## Given data
++++
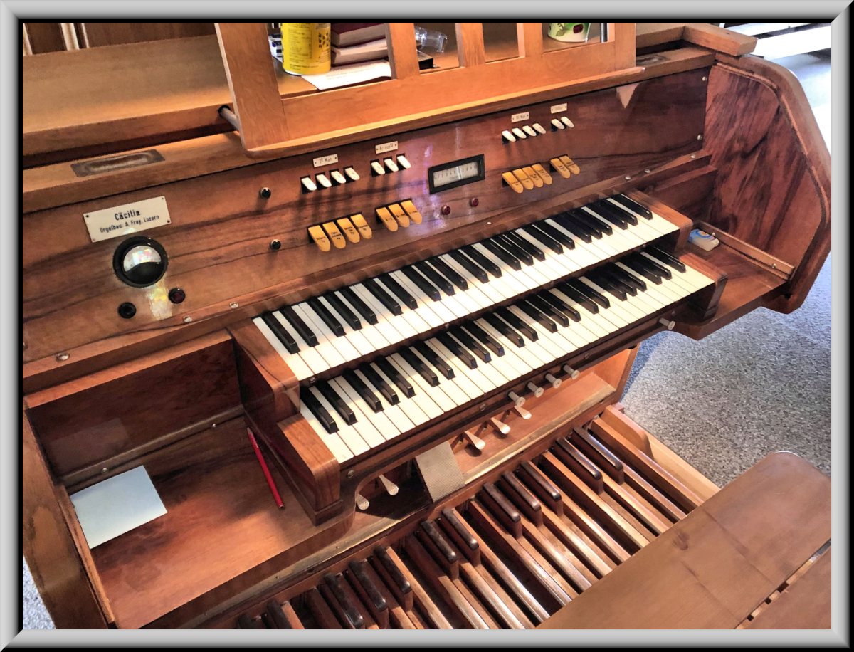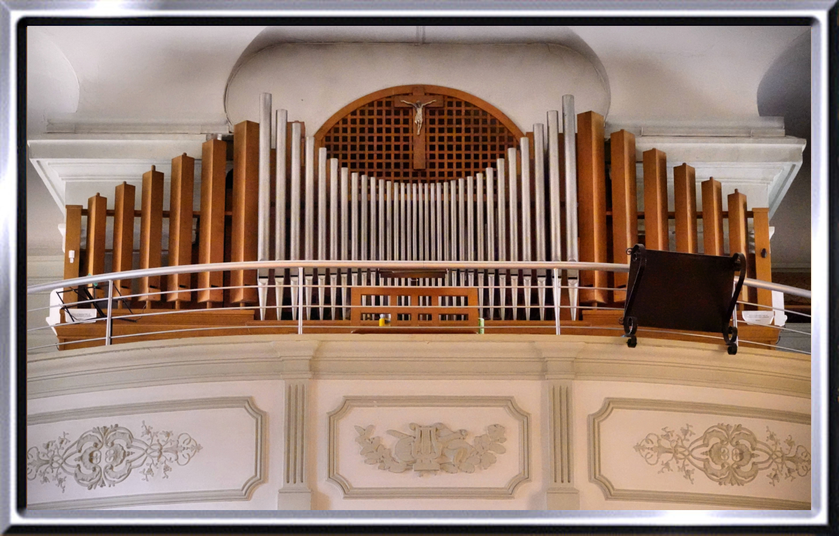 Sainteté, et de sa famille, qui sont originaires de la paroisse». L’orgue est
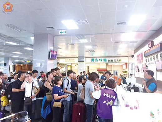 5月30日為端午連續假期收假日,中午過後金門機場即湧入候補人潮,縣長陳福海關心鄉親返回工作崗位情形,指示縣府服務團隊積極協調民航局及航空公司,於是日晚間21點25分加開臨時加班機1架次往返北金,順利協助疏運返台鄉親人潮。 4天端午連續假期昨日收假,部分鄉親陸續準備搭機回台,縣府服務團隊一早即進駐機場,協助鄉親處理搭機事宜。 直至昨日下午四點仍有近百位民眾候補機位,經縣府評估既定航班可能無法全數將民眾疏運完畢,因此立即與民航局及航空業者協調,也順利爭取到一班下午21時25分,由金門飛往台北的立榮航空班機,提供70位個座位數,全力疏運鄉親返鄉。
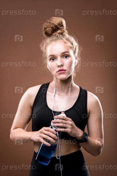 Молодая женщина в наушниках и черном спортивном костюме держит бутылку с водой
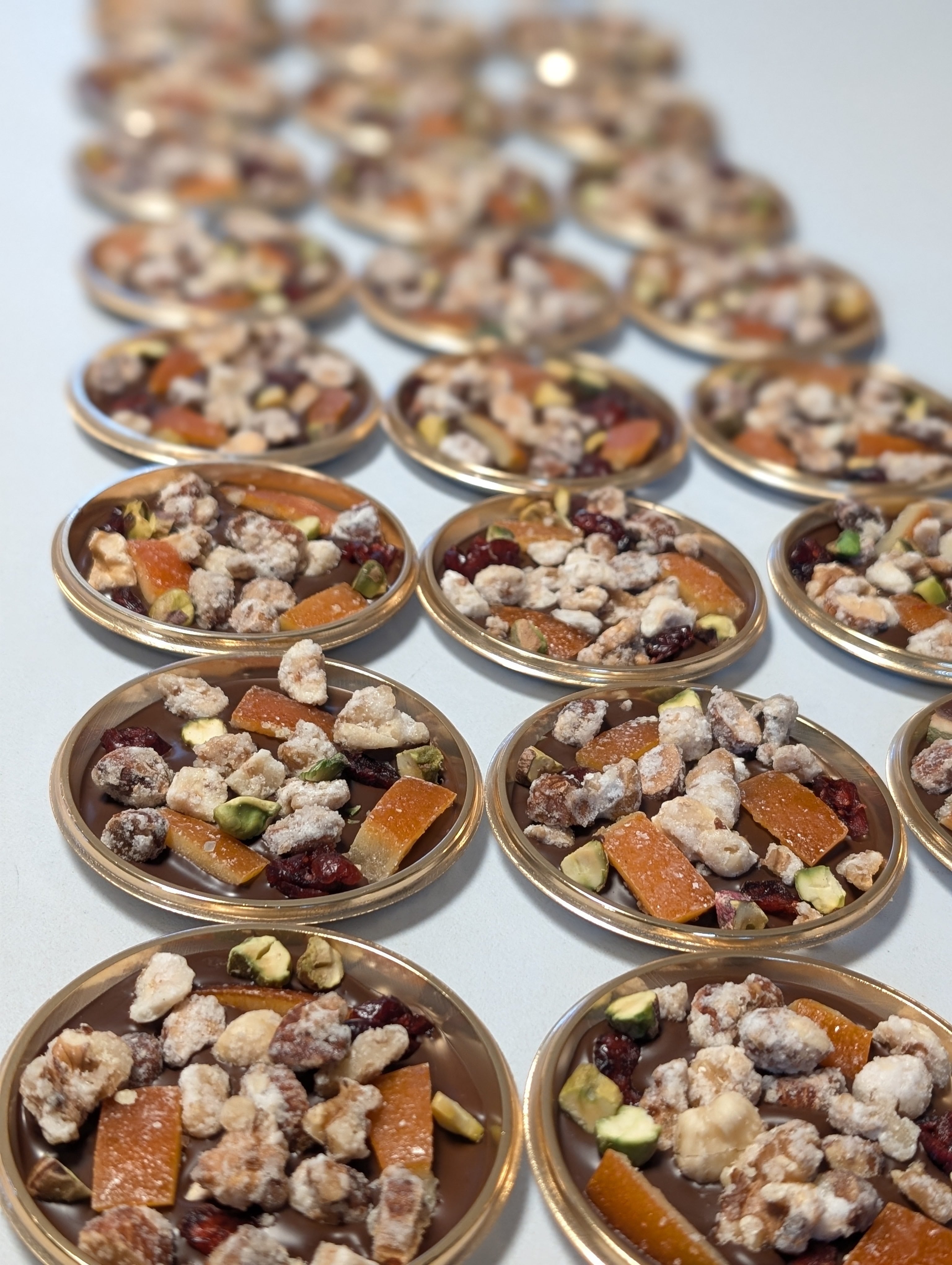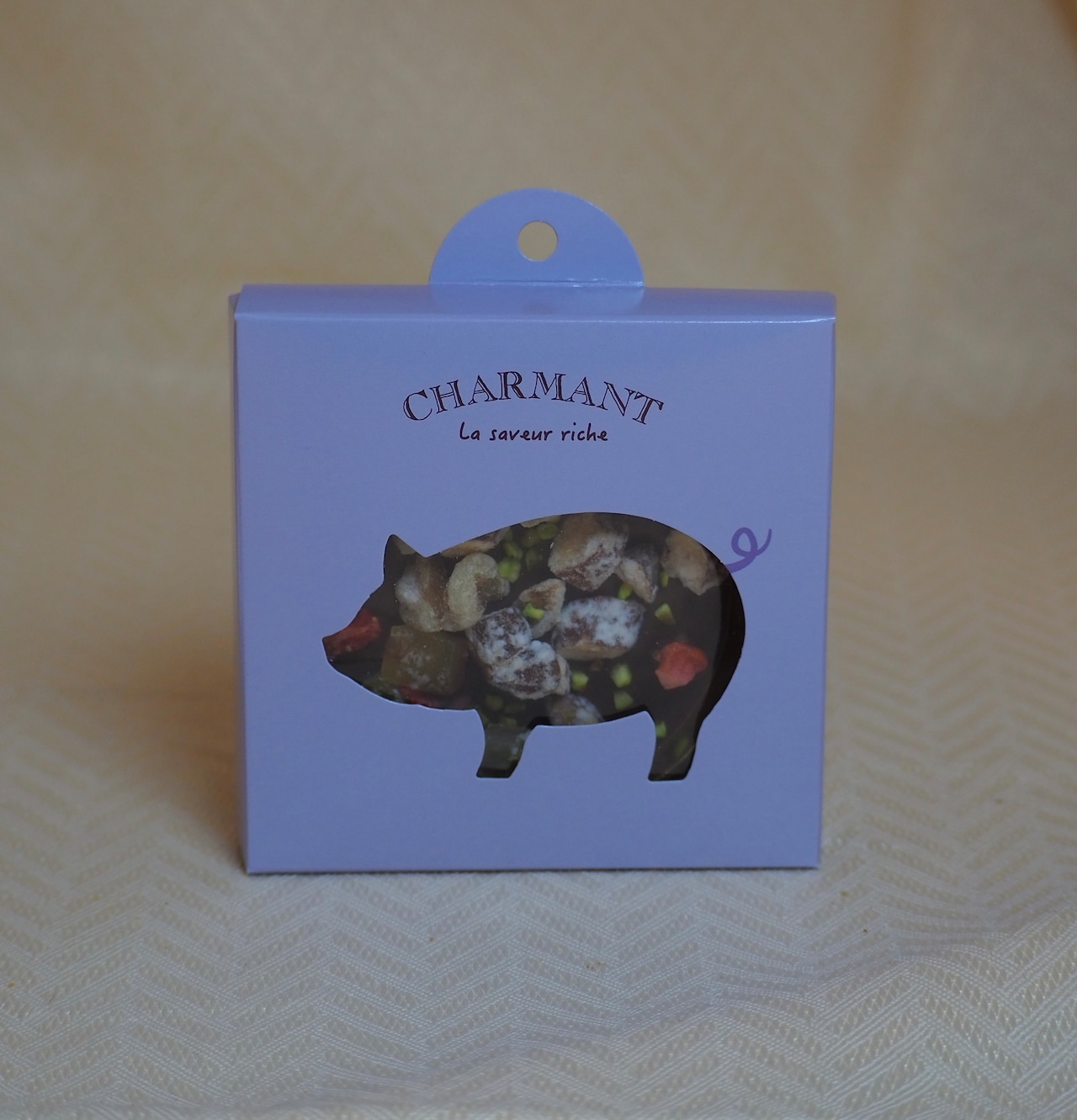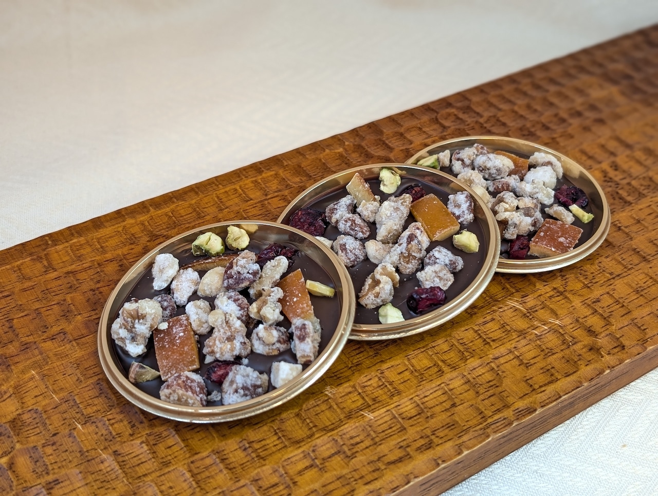 ナッツ(アーモンド、くるみ、ヘーゼルナッツ、ピスタチオ)の香ばしさや、フルーツの酸味とチョコレートのコラボレーション。
++++
## Try it
What you return should be all of the material above, exactly, and none of its pictures.

## Your response
 Sainteté, et de sa famille, qui sont originaires de la paroisse». L’orgue est
 5月30日為端午連續假期收假日,中午過後金門機場即湧入候補人潮,縣長陳福海關心鄉親返回工作崗位情形,指示縣府服務團隊積極協調民航局及航空公司,於是日晚間21點25分加開臨時加班機1架次往返北金,順利協助疏運返台鄉親人潮。 4天端午連續假期昨日收假,部分鄉親陸續準備搭機回台,縣府服務團隊一早即進駐機場,協助鄉親處理搭機事宜。 直至昨日下午四點仍有近百位民眾候補機位,經縣府評估既定航班可能無法全數將民眾疏運完畢,因此立即與民航局及航空業者協調,也順利爭取到一班下午21時25分,由金門飛往台北的立榮航空班機,提供70位個座位數,全力疏運鄉親返鄉。
 Молодая женщина в наушниках и черном спортивном костюме держит бутылку с водой
 ナッツ(アーモンド、くるみ、ヘーゼルナッツ、ピスタチオ)の香ばしさや、フルーツの酸味とチョコレートのコラボレーション。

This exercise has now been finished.